In Ogalas Limited (t/a Homestore and More) v An Bord Pleanála  IEHC 487 (23 October 2014) the High Court clarified that planning permission compliance conditions do not necessarily move with a change in the underlying Ministerial Guidelines but rather must be viewed in light of the Guidelines applying at the time.
The applicant operates a large superstore at Unit 5 of Sligo Retail Park. It sought to challenge by way of judicial review, a decision by An Bord Pleanála (the Board) that a change of its use of Unit 5 constituted "development" and was not exempted development.
Condition 18 of the relevant planning permission identified the range of goods permitted to be sold in Unit 5:
"The retail element of the proposed development shall be restricted to retail warehousing development only. In this regard, the range of goods to be sold in the retail units shall be restricted to bulky household goods and goods generally sold in bulk (as defined in Annexe 1 of the Retail Planning Guidelines for Planning Authorities issued by the Department of the Environment and Local Government in December 2000), including carpets and floor coverings, furniture, electrical goods, computers and DIY items, including garden equipment."

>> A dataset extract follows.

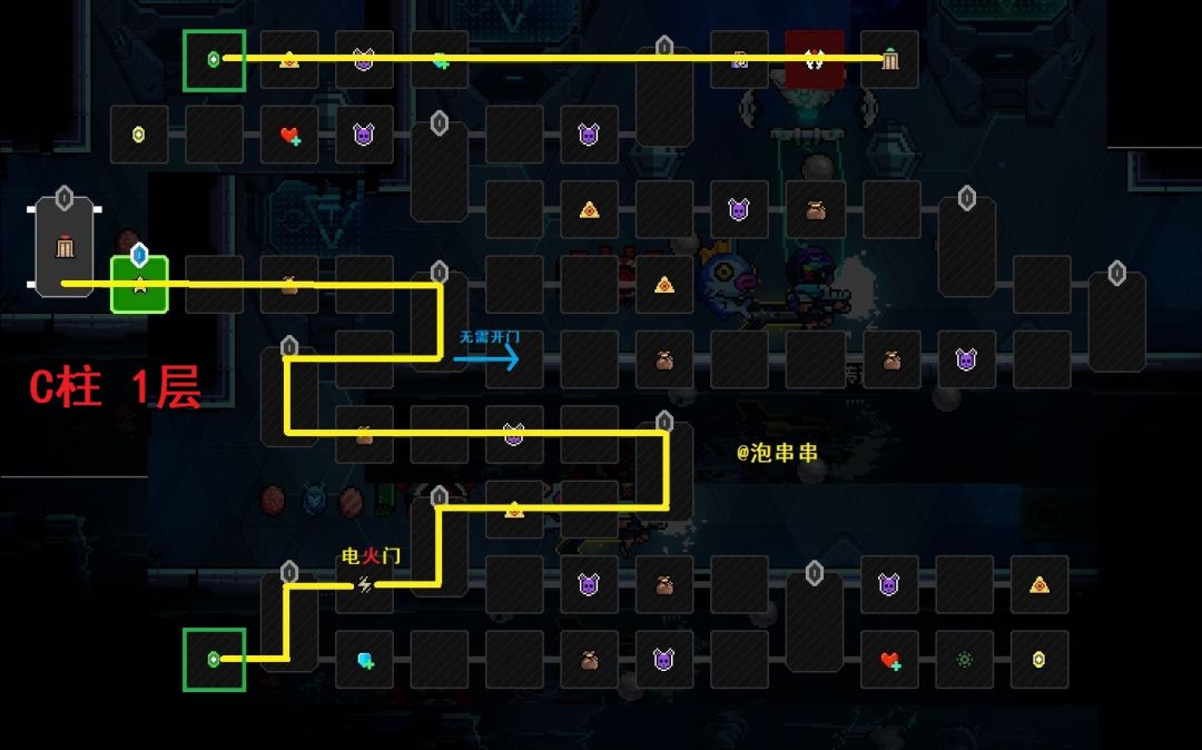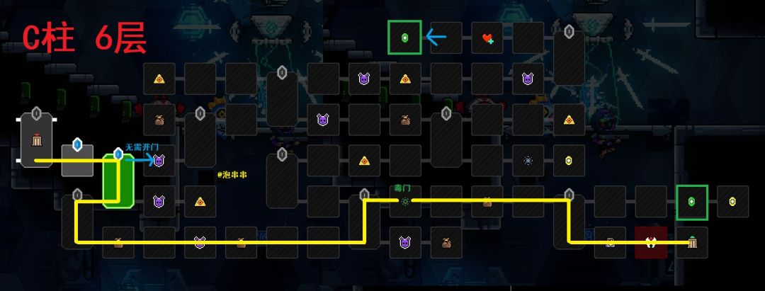 本层吸取1个最低品质,所以要放1个蓝色/绿色品质作为本层祭品。如果你属性门全都打不开,可以走右边蓝色箭头标注的无需开门路线。

The Board determined that the retailing activity carried out by the applicant included the sale of substantial amounts of non-bulky goods and that in the circumstances this retailing activity constituted a change of use from that contemplated by condition 18 of the planning permission. The Board took the view that the use of Unit 5 constituted "development", being a material change in use and that the material change of use was not exempted development.

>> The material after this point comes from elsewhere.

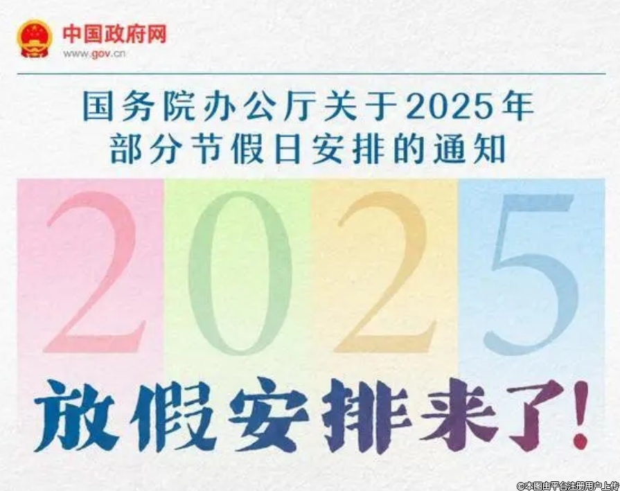 國務院辦公廳印發(fā)《關于2025年部分節(jié)假日安排的通知》,哪天放假、怎么調休?中國政府網帶你一圖看懂。

Since the publishing of the Retail Planning Guidelines of 2000, further Guidelines were published by the Department of the Environment in 2005, and more recently in 2012. The applicant argued that the Inspector and the Board failed to properly interpret the definition of bulky goods by having regard to the 2012 Guidelines, rather than the earlier Guidelines of 2000 (as required by condition 18), and that such an error was an error of law, amenable to review by the High Court. They also argued that the Inspector wrongly took account of, and gave undue weight to the Guidelines of 2012, and that there was nothing in the Board's decision that indicated that it did not adopt the errors alleged to be contained in the Inspector's report.
The High Court refused to set aside the Board's decision, on the grounds that the Board had ample material before it to make the relevant decision.

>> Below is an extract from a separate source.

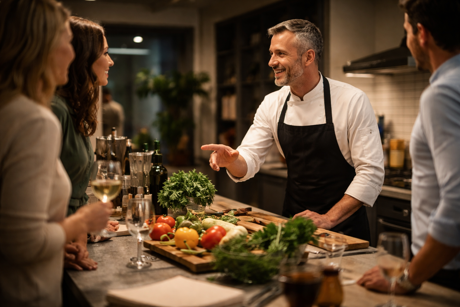 • Sie kochen nicht nur, sondern begleiten Gäste durch den Abend, moderieren, erklären und schaffen eine angenehme, entspannte Atmosphäre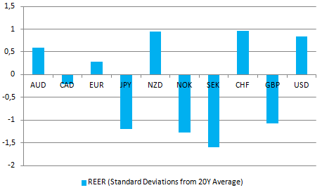 Wycena walut G10 na podstawie koncepcji REER obrazującej odchylenia standardowe od 20-letniej średniej, źródło: BIS, InsiderFX Research

Whether Planning Authorities must always have regard to the most up-to-date Guidelines
Baker J. found that the requirement in section 28 of the PDA 2000, for a planning authority to have regard to Ministerial Guidelines when performing any of its functions under the Act, does not always require the Board to have regard to the most up-to-date Guidelines, if other or, as here, earlier, Guidelines are those applicable to the matter before it. He held that the meaning of condition 18 was expressly limited to the Guidelines of 2000.
Baker J went on to state:
"This does not mean that the Guidelines of 2012 cannot inform the interpretative process, and it seems to me that the effect of section 28 is to mandate the Board to consider them, and in particular to take note of any clarification or interpretative assistance offered by them. But if an application of the Guidelines of 2012 leads to a result which differs from that which would result from the Guidelines of 2000, the latter must prevail. To hold otherwise would mean that the express language of the condition could be displaced or replaced by a later administrative act of the Minister in issuing new Guidelines".
Interplay between the Board's decision and the Inspector's Report
The Court concluded that the Board did not fall into any error of process. Insofar as there was an error of interpretation in the Inspector's report, it did not make its way into the decision of the Board. Baker J. noted that whilst the Board is required to have regard to the Inspector's report, it is well established that it need not follow the Inspector's recommendation, so long as there is some material to support its decision and that it gives reasons for its decision (Stack v An Bord Pleanála (Unreported, High Court, 11 July 2000).
The decision to which the Board came to was neither irrational, nor unreasonable, nor was it made as a result of a mistake in the law. The Board had regard to, but did not slavishly follow the Inspector's report, and was not influenced by the error in that report, namely the view taken by the Inspector that she was to be guided in her understanding of goods which were truly characterised as bulky by the Guidelines of 2012, rather than, or as well as, those of 2000.
Accordingly the Court refused the relief sought.